We also analyzed the P. damicornis data from the 8 × 8 m plots in the same manner as we did the circular surveys. To convert the plot data, a function was written in R to identify every surveyed P. damicornis colony ≥2 m from all edges of its plot and equal to or larger than a specified diameter (either 15 or 20 cm) as a focal colony (N = 38 and 19 focal colonies, respectively). In order to have an appreciable sample size, we did not restrict focal colonies to those that were the largest within 4 m. The script then calculated the distances to all P. damicornis colonies less than the specified focal colony diameter within 2 m and placed them into 10 cm concentric rings as above. We analyzed the resulting data using the same procedures as described for the circular surveys.

Results

Survival experiments

In our field experiment, neither distance nor direction from focal colony significantly affected survival of P. damicornis or S. hystrix fragments (Figs. 2A and 2B, respectively). We observed two main categories of mortality: bleaching preceding death in place (potentially due to microbes (e.g., Ben-Haim, Zicherman-Keren & Rosenberg, 2003)) and partial or complete disappearance, putatively due to predation (akin to Lenihan et al., 2011). Bleaching (47 and 46 fragments out of 320 for P. damicornis and S. hystrix, respectively) of neither species was affected by distance or direction (Figs. 2C and 2D). Distance and direction did not affect the number of P. damicornis fragments that partially or fully disappeared (putative predation), and direction did not affect this for S. hystrix but distance was significant (z = 2.23, p = 0.03) (Figs. 2E and 2F), with disappearance increasing with distance from the focal colony. In contrast, 0% of the 64 extra fragments of each species remaining on the coral rack where we originally acclimated the corals bleached or disappeared despite being on the same reef at the same time (Cox proportional hazards survival analysis, likelihood ratio for P. damicornis = 16.5, likelihood ratio for S. hystrix = 24.7, p < 0.0001 for both species).

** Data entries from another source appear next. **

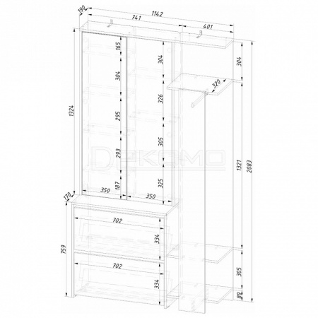 - Ш:358 x Г:1142 x В:2083
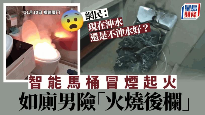 據內媒《揚子晚報》報道,這宗馬桶自燃事故發生在10日,居於廈門的一名男子在家中如如廁時馬桶突然開始冒煙,釀成火情。幸他聽到異響走避及時,才未致「火燒後欄」,但已飽受驚嚇。初步懷疑馬桶因電路起火。
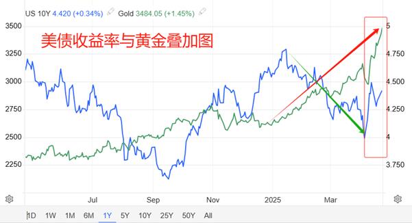 在央行的儲備資產當中,黃金和美債具有相互替代的作用。在行情面,美債收益率升高,黃金的比較優勢降低,市價存在下跌可能。相反,美債收益率下降時,美國和全球經濟的衰退可能性增加,黃金將進入牛市週期。今年1月13日,美債收益率觸頂回落,直至4月4日才尋得底部。期間,黃金一路大漲,市價從2600美元左右漲至3100美元左右,市場買入情緒濃厚。

Fragments on the coral rack were ∼1 m above the benthos and may have experienced more flow or fewer benthic-associated biotic or physical stressors compared to the fragments on PVC pipes, which were 5–15 cm above the benthos.

Survival and predation of Pocillopora damicornis and Seriatopora hystrix.

Figure 2: Survival and predation of Pocillopora damicornis and Seriatopora hystrix.

(A), (C), (E) are Pocillopora damicornis and (B), (D), (F) are Seriatopora hystrix. Statistical values are from mixed-effects Cox proportional hazards survival analyses. n = 80 fragments at each distance across 10 focal colonies and pooled between both directions. (A, B) Survivorship through time for Pocillopora damicornis and Seriatopora hystrix fragments. (C, D) Cumulative number of fragments that bleached over time. (E, F) Cumulative number of fragments that partially or fully disappeared over time (putative predation).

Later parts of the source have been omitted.